◆ About this task: If pictures appear among the lines below, leave them out while you return exactly the lines from the one with "昨年参拝した眞田神社の御朱印" through the one with "13.热传递 蒸发 比热大".

◆ Exercise input:
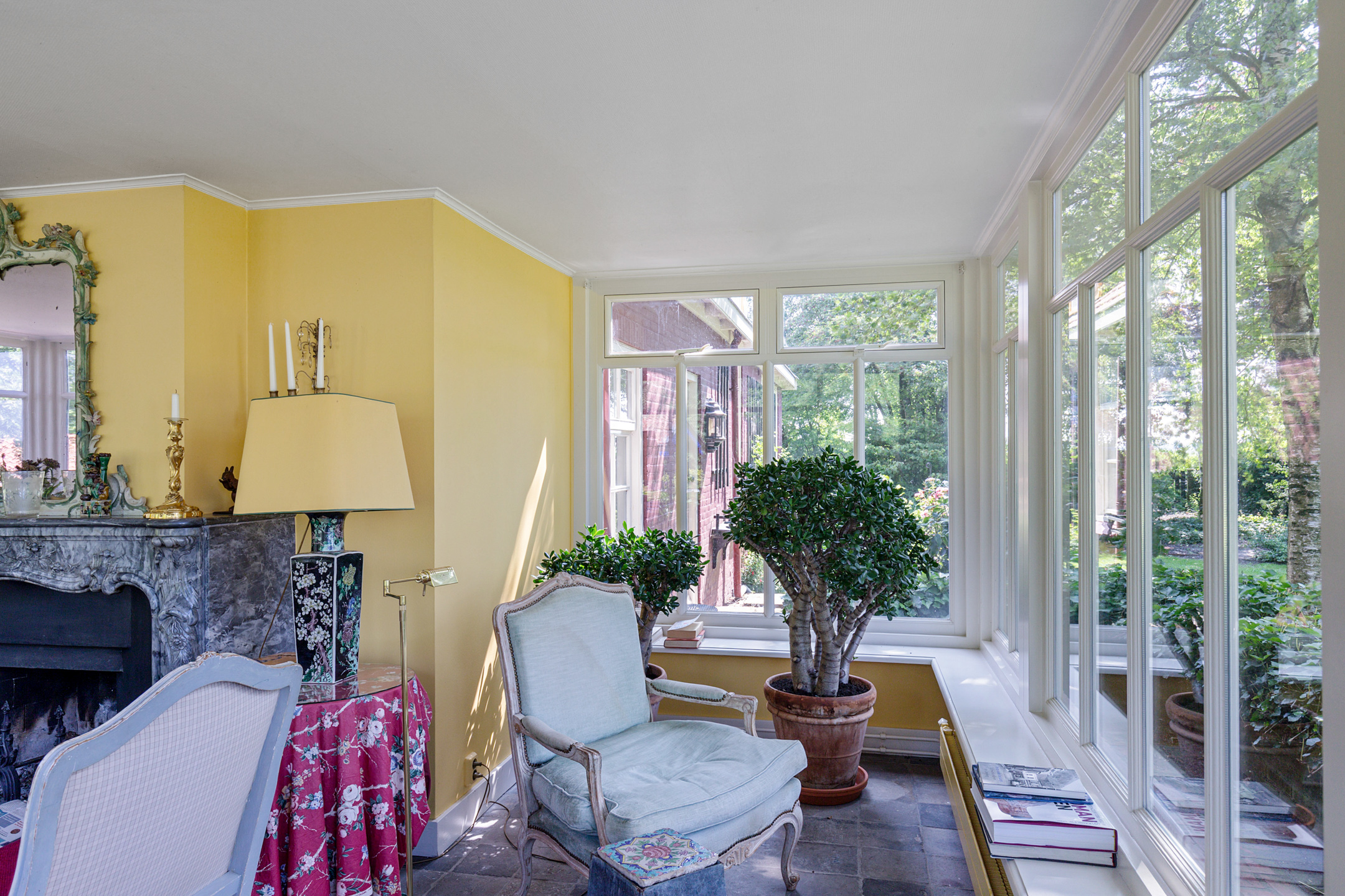 Full of character, it boasts a Stevenson or Norwich cornice, a French dessus-de-porte from the 18th century, a faux marble fireplace, and a trumeau from a Frisian town hall, all contributing to its historic charm.
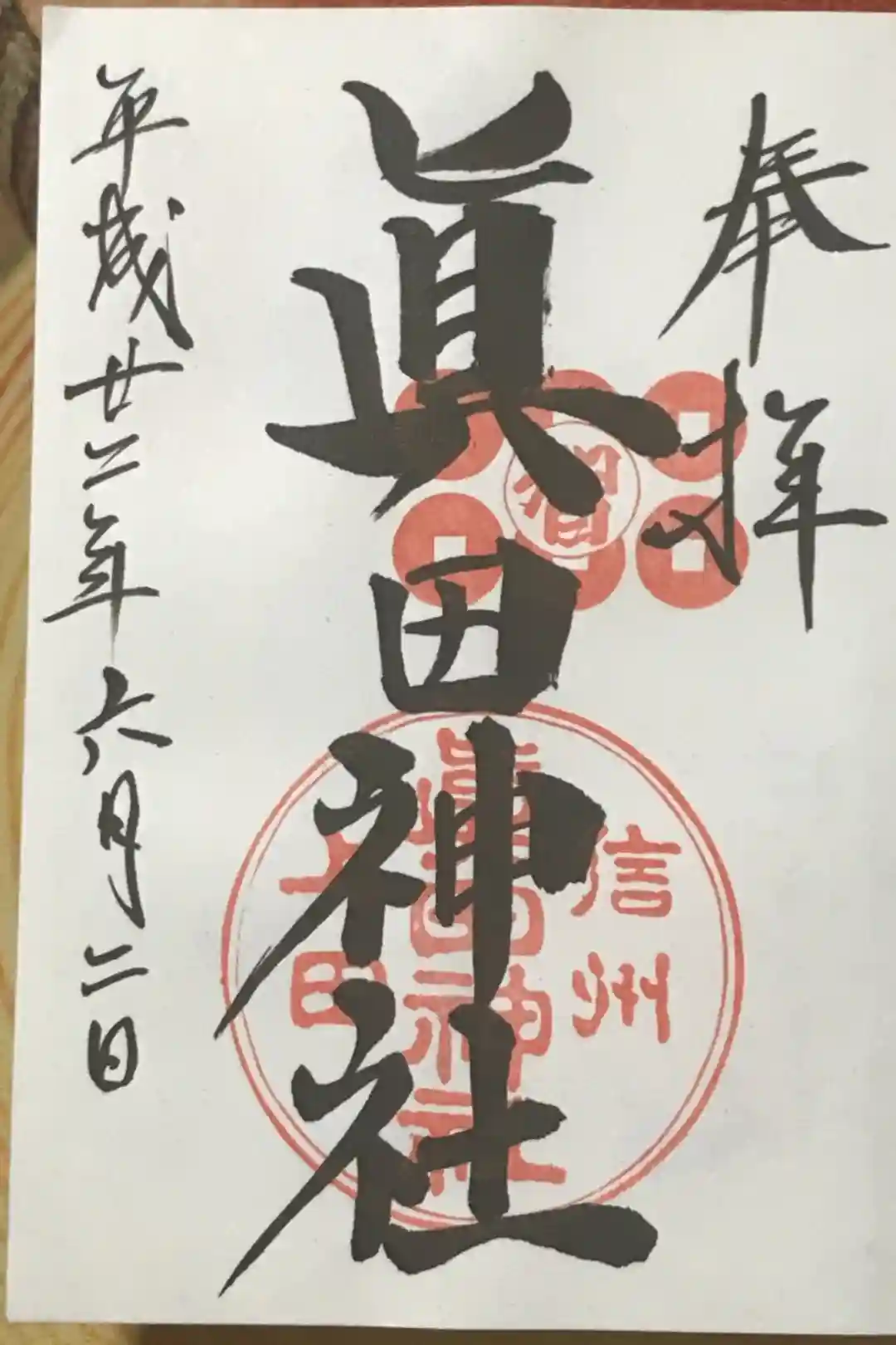 昨年参拝した眞田神社の御朱印。右上にある六文銭の印の文字がいただく日によって変わるそうです。
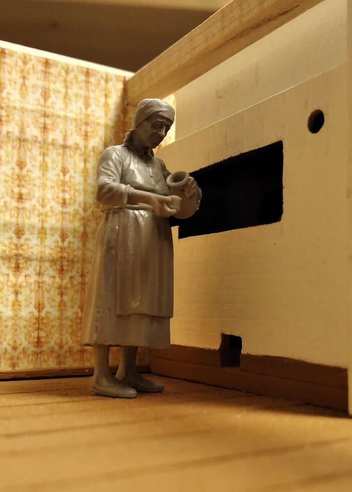 И вот уже можно через окошко "подсмотреть" как печка будет выглядеть в интерьере дома... и с его обитателями. :-)
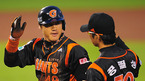 [OSEN=잠실,김영민 기자]29일 잠실 경기장에서 열린 '2010 CJ 마구마구 프로야구 준플레이오프 1차전' 두산 베어스와 롯데 자이언츠 경기 2회초 2사 3루 전준우의 적시타때 3루 주자 강민호 박수를 치며 득점을 올리고 있다. / ajyoung@osen.co.kr
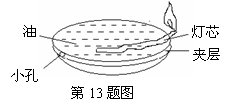 13.热传递 蒸发 比热大 在灯盏上加盖或用瓷质灯盏代替铜质灯盏(能减小油蒸发的意见均可)
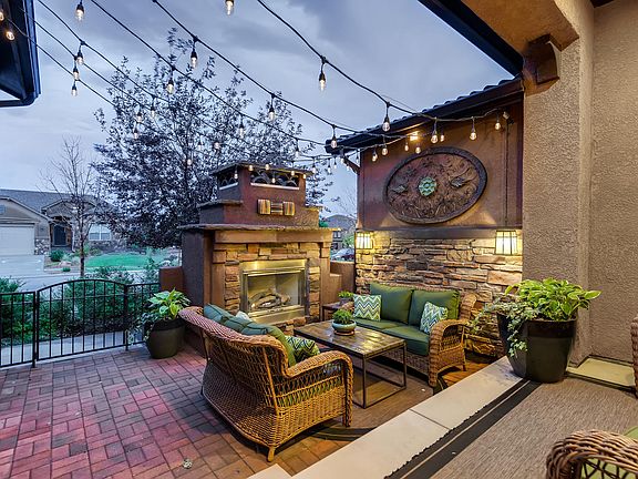 This one of a kind Banning Lewis gem immediately feels like home. From the moment you enter the front courtyard, the custom lighting and outdoor fireplace welcome you into a private and cozy outdoor retreat. This former Classic model home features 6 total bedrooms including a master suite both up and down along with 4 total bathrooms, each with a double vanity. The open concept main level features a fully upgraded kitchen with matching GE Profile appliances, gas cooktop, double oven including a convection/microwave combo, granite countertops, soft-close Merillat cabinets, and a sizable walk-in pantry. The family room is highlighted by the custom built-ins and a gas log fireplace. The spacious main-level master has a 5-piece bath with a large corner garden tub, granite countertops, vessel sinks and tile flooring. Additionally the main level features a formal dining room, a study with built-in shelving, two additional bedrooms and a full bath. Upgrades continue as you travel downstairs to an area perfectly suited for entertaining. It is highlighted by a full wet bar, an expansive family room with a stone-clad fireplace, and an adjoining theater room. The private downstairs master rivals the main-level master in size and finishes, and is perfect for multi-generational living. It boasts it's own 5-piece bath as well as two oversized walk-in closets. Two additional bedrooms and the fourth bath complete this 4700 square foot ranch-style home located only 1 block away from Banning Lewis Ranch Academy.
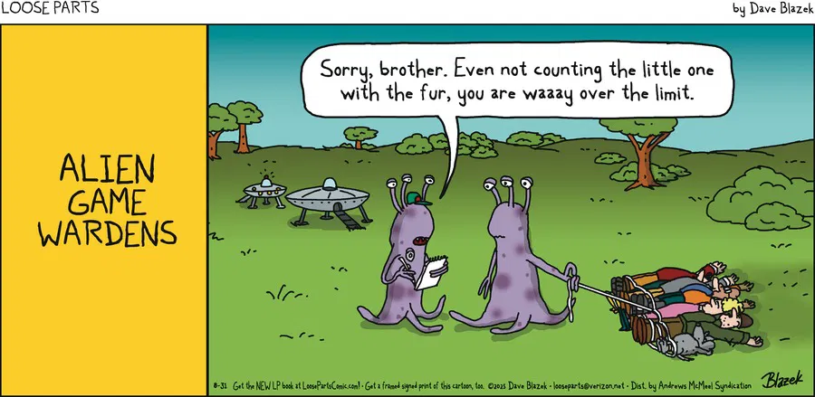 Credit: All comics are the work of Dave Blazek, syndicated by Andrews McMeel Syndication. You can explore more of his work at GoComics Loose Parts or his official site LoosePartsComic.com.
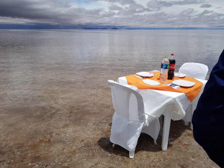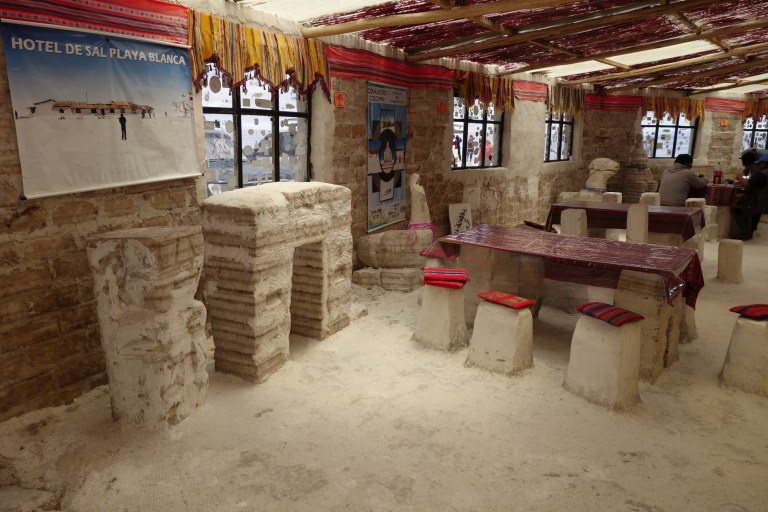 We go to the first salt hotel inside the lake which is closed as a hotel but open as a restaurant. Its very basic, completely out of salt, 5 bolivianos for toilet (as always here).
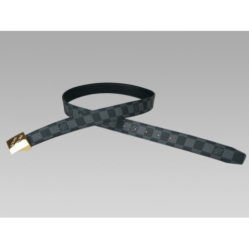 Řezaný grafitový opasek Damier se zlatou přezkou a šikmým podpisem Louis Vuitton
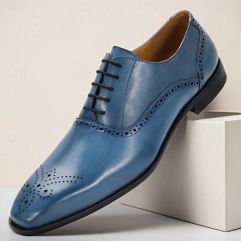 HOT ! Men's Blue Genuine Cowhide Leather Brogue Dress Shoes – Classic Lace-Up Shoes for Formal Events, Business and Weddings
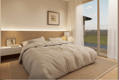 The bedroom render presents a calm and comfortable sleeping environment with large glazing, soft finishes and a bright interior mood suited to compact premium accommodation.
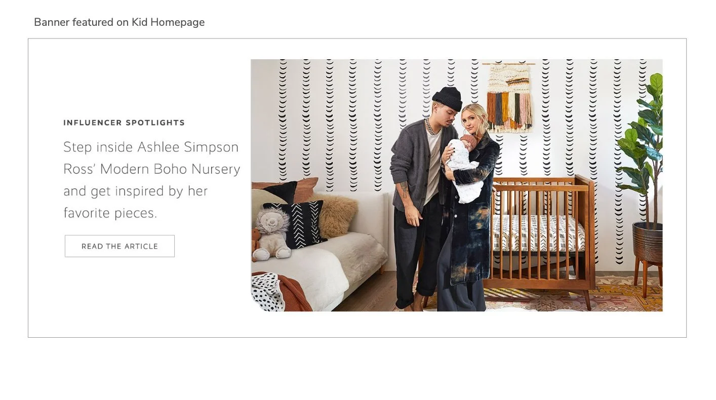 Homepage banner driving users to a makeover blog featuring Ashlee Simpson’s nursery inspiration for her new baby’s room. Other assets included an article, a video, social, and emails.
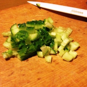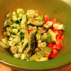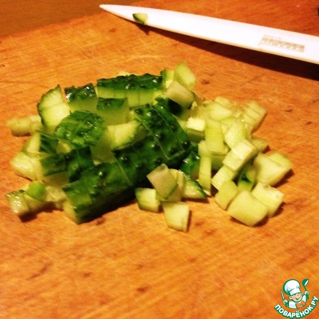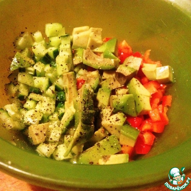 Авокадо очистить от кожицы, удалить косточку, нарезать кубиками.
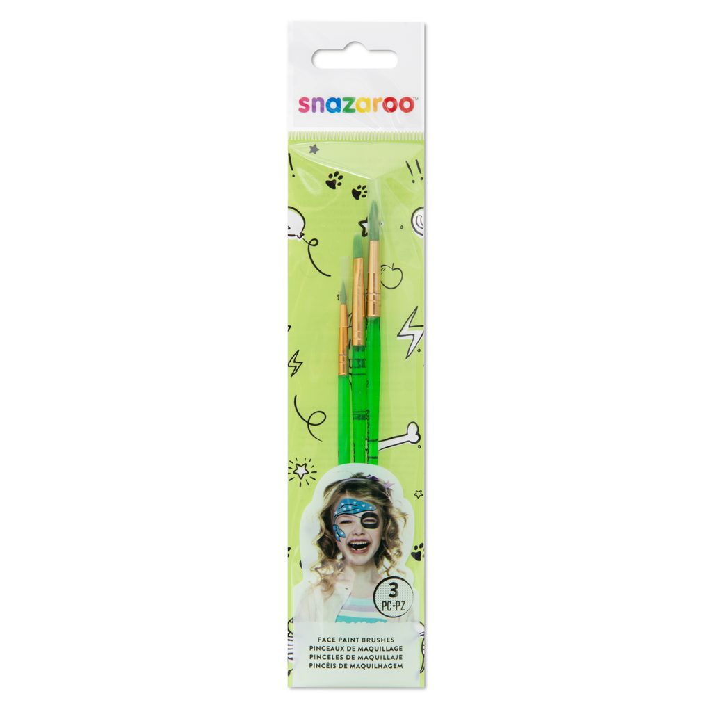 Snazaroo štetce na maľovanie na tvár sú nenahraditeľným pomocníkom na vytváranie originálnych masiek a mejkapu. Sada obsahuje dokopy 3 štetce (1 plochý, 1 špicatý väčší a 1 špicatý menší), pomocou ktorých dokážete vytvoriť celý rad efektov a liniek. Produkty a farby od Snazaroo sú obľúbené aj medzi profesionálmi.
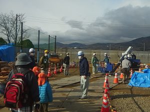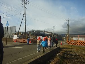 遠く国道の向こうに仮園舎(プレハブ)が見えました。
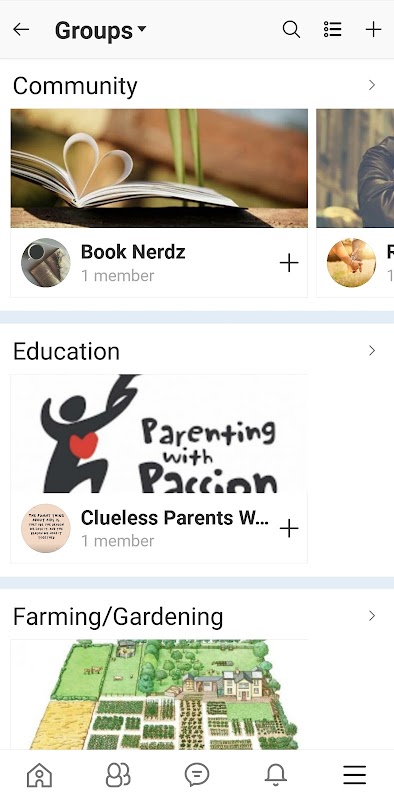 1.グループ、ページ、投票、写真、音楽、ビデオがあります。
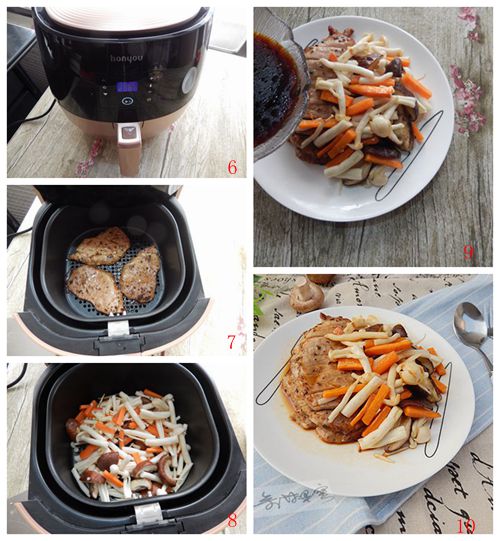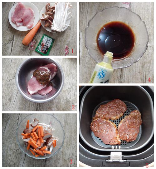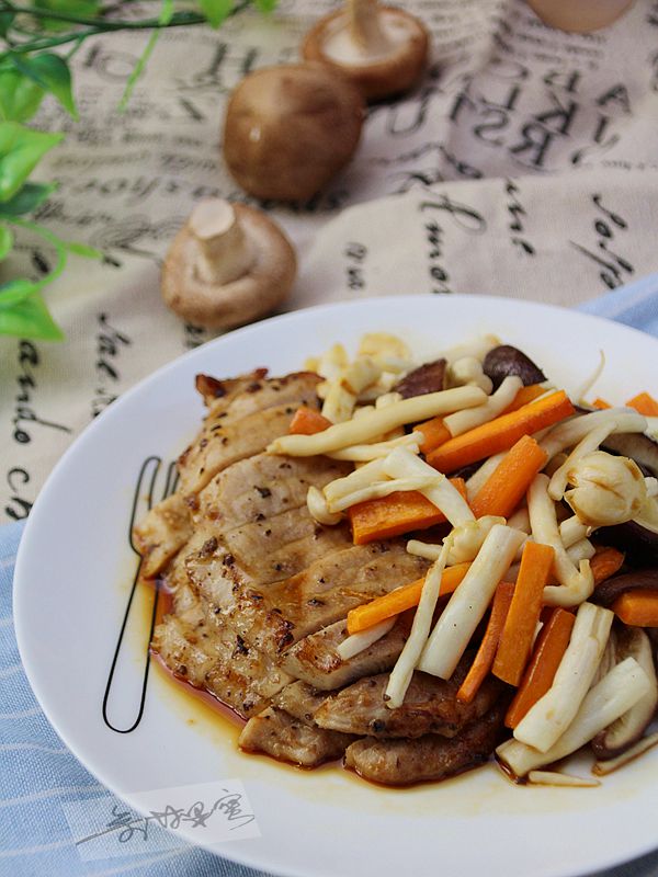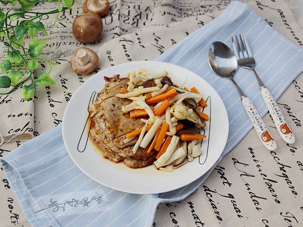 食材:豬排200克、海鮮菇150克、香菇50克、胡蘿卜50克

◆ Exercise response:
 昨年参拝した眞田神社の御朱印。右上にある六文銭の印の文字がいただく日によって変わるそうです。
 И вот уже можно через окошко "подсмотреть" как печка будет выглядеть в интерьере дома... и с его обитателями. :-)
 [OSEN=잠실,김영민 기자]29일 잠실 경기장에서 열린 '2010 CJ 마구마구 프로야구 준플레이오프 1차전' 두산 베어스와 롯데 자이언츠 경기 2회초 2사 3루 전준우의 적시타때 3루 주자 강민호 박수를 치며 득점을 올리고 있다. / ajyoung@osen.co.kr
 13.热传递 蒸发 比热大 在灯盏上加盖或用瓷质灯盏代替铜质灯盏(能减小油蒸发的意见均可)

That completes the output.